Шамшину пришлось вызволять из вилюйской ссылки чиновника Александра Иванова, отправленного туда вместо пропагандиста Иванова же, но Аркадия. Тогда как Аркадий, воспользовавшись жандармской оплошностью, исчез и пописывает статейки в революционной газете «Общее дело», издающейся в Женеве. Наверное, и живет теперь в тех благословенных краях. Вместо некоего Власова в костромскую глушь загнали Власьева. Но и Власова, как понял, вникнув в дело, Иван Иванович, не за что было подвергать административной ссылке. Розыски Ивана Ивановича повергли жандармских чиновников в немалое смущение и неудовольствие. «Органы не ошибаются». На Руси эта истина верна еще со времен тайных и разбойных приказов. И очень не любят, когда люди, к сыску не причастные, суют нос в их дела. Но тут уж против Лориса не попрешь.
Зато в чем обнаружил Шамшин идеальный порядок, так это в слежке за высшими государственными чиновниками. Тут и агентура щедро оплачивалась, и всякое лыко прилежно вписывалось в строку. Только оброни словечко – а оно вот где, поймано и записано в досье вашего высокопревосходительства. В своих еженедельных докладах императору шеф жандармов пересказывал все сведения о каждом министре, гофмейстере двора, губернаторе – любом сколько-нибудь значимом лице империи: кто нынче его любовница, какой анекдотец господин тайный советник рассказал на званом ужине у Валуевых, в какую смешную историю влип директор департамента, явившись к министру: стал подавать бумаги на подпись, а у него пуговка оторвалась, и несчастный не нашел ничего лучшего, как пытаться ее поймать… Любил царь-батюшка такие истории.
Но Лорис-Меликова эта сторона жандармского усердия вывела из себя. Он, конечно, подозревал, что жизнь российских генералов этому ведомству интереснее, чем поиски неуловимых революционеров, за годы гонений прекрасно обучившихся искусству конспирации, но ему и в голову не приходило, что сыск собственно в правительственных кругах поставлен на такую широкую ногу и не дает никаких сбоев: имена агентов неизвестны даже самому шефу жандармов, а оплачиваются их услуги куда как выше несчастного филера, приставленного к подозреваемому в терроризме. Так ловко поставил дело в свое время еще граф Петр Шувалов.
Доклад сенатора Шамшина об итогах ревизии III Отделения был готов к исходу июля. К этому времени Верховная распорядительная комиссия, по мнению ее начальника, уже исчерпала себя.

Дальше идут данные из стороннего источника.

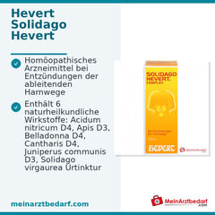 Solidago Hevert Complex, Mischung. Anwendungsgebiete: Die Anwendungsgebiete leiten sich von den homöopathischen Arzneimittelbildern ab. Dazu gehören: Entzündungen der ableitenden Harnwege. Warnhinweis: Enthält 60 Vol.-% Alkohol!
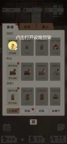 3.随着金币的积累,您还可以扩大业务规模,购买更多架子来展示您的商品。
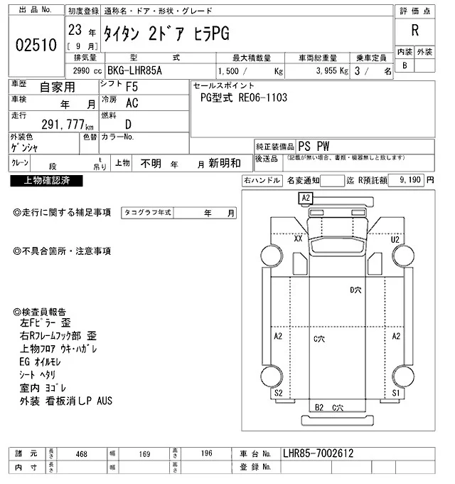 Mazda TITAN с аукциона Японии ARAI Oyama VT лот № 2510
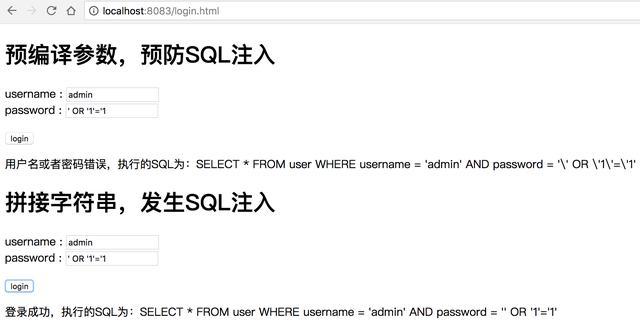 這是最常見(jiàn)的 SQL注入攻擊,當(dāng)我們輸如用戶(hù)名 admin ,然后密碼輸如' OR '1'=1='1的時(shí)候,我們?cè)诓樵?xún)用戶(hù)名和密碼是否正確的時(shí)候,本來(lái)要執(zhí)行的是SELECT * FROM user WHERE username='' and password='',經(jīng)過(guò)參數(shù)拼接后,會(huì)執(zhí)行 SQL語(yǔ)句 SELECT * FROM user WHERE username='' and password='' OR '1'='1',這個(gè)時(shí)候1=1是成立,自然就跳過(guò)驗(yàn)證了。
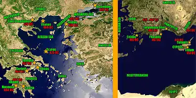 После окончательного изгнания персов с территории Греции Кимон был назначен афинским стратегом в составе союзного флота под общим руководством спартанского царя Павсания[28][29][30]. Во время экспедиции греки захватили у персов Византий. Несмотря на военные успехи, спартанский царь Павсаний из-за своей грубости и недостойного поведения лишился поддержки рядовых греков[29].
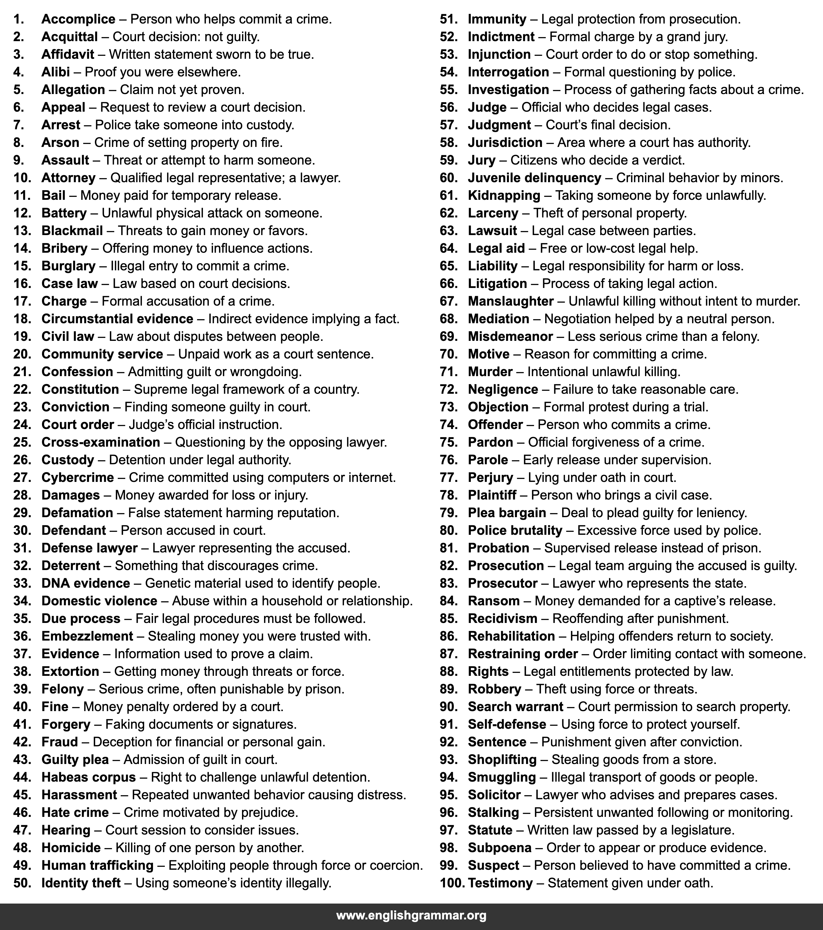 | 1. | Accomplice | Person who helps commit a crime. |
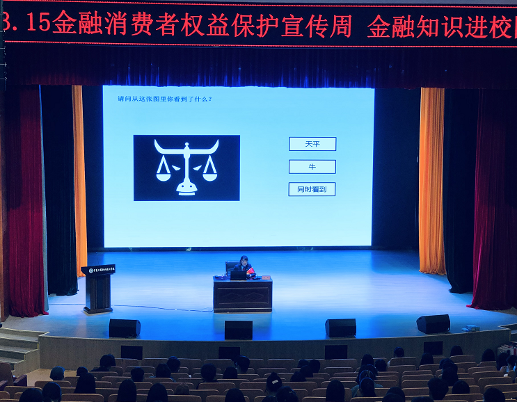 3月15日下午,由学校团委主办的2022年度“金融知识”进校园专题讲座在剧场举行。校团委特邀请黄河银行西夏区支行携手走进校园,联合开展“大学生维权”系列活动,200余名学生代表聆听了此次讲座。
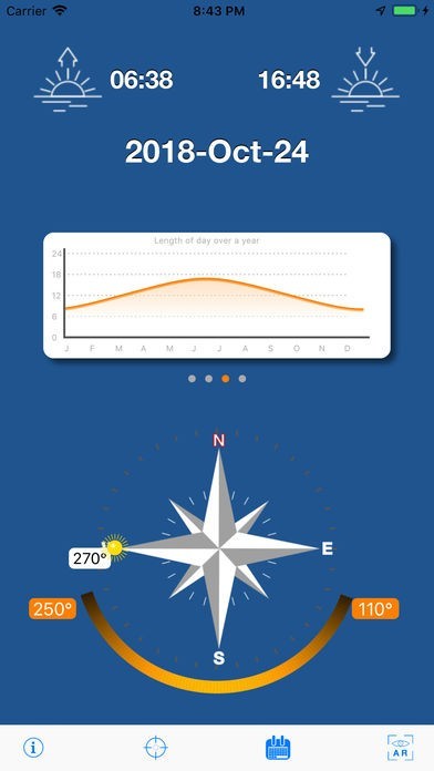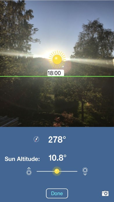 - AR mode where you can follow the sun path via your device camera. A sun icon is projected to the live view of your device and you will se how the sun altitude shifts when moving you device along the horizon.
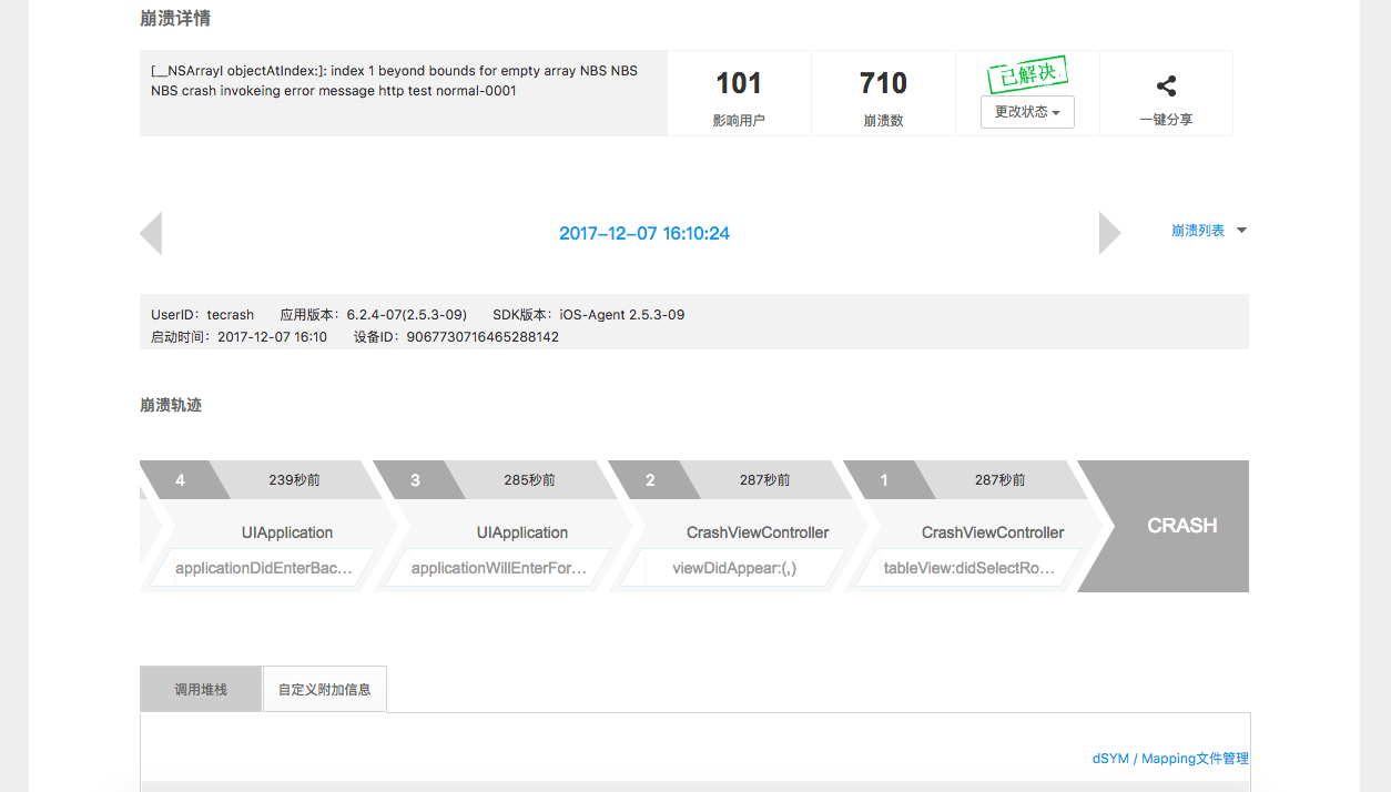 Трассировка сбоев показывает детали первого запуска, холодного запуска и тёплого запуска, включая информацию о сбоях, списки сбоев, трассировки сбоев, стеки вызовов, пользовательские расширения, контекстную информацию и графики. Заголовок страницы показывает сообщение о сбое, затронутых пользователей, число возникновений, статус и поддерживает совместное использование. Список сбоев показывает время запуска, время сбоя, версию приложения, версию системы, устройство, ID пользователя и ID устройства. Контекстная информация включает устройство, остаточную память, загрузку CPU, остаточное пространство устройства, модель CPU, набор инструкций CPU, джейлбрейк, остаточный заряд, GPS, ориентацию UI, оператора и тип подключения. График показывает распределение по версиям приложения и версиям системы.

Позиции самого Лорис-Меликова за минувшие месяцы достаточно окрепли – император доверял ему больше, чем когда-то любимейшему другу своему, покойному Якову Ивановичу Ростовцову, с которым в свое время провел Крестьянскую реформу, о чем сам говаривал ему неоднократно. Пришла пора действовать широко. И быстро! Как ни велика твоя власть, но ты временщик. Выскочит из-за угла какой-нибудь дурак с пистолетом – вот и все!
Пришла пора претворять в жизнь мечтательные разговоры о парламентаризме в России, которым когда-то давно, еще до войны, предавался в Эмсе с Кошелевым и Погодиным. Ни о какой конституции император, конечно, и слышать не хотел. Еще меньше слушать разговоры о малейшем послаблении в этом вопросе был намерен его высочество наследник. Результаты январских совещаний в Мраморном дворце были Лорису хорошо известны. И тут уж никого не переломишь. Но если действовать осторожно, вкрадчиво, кое-чего добиться можно.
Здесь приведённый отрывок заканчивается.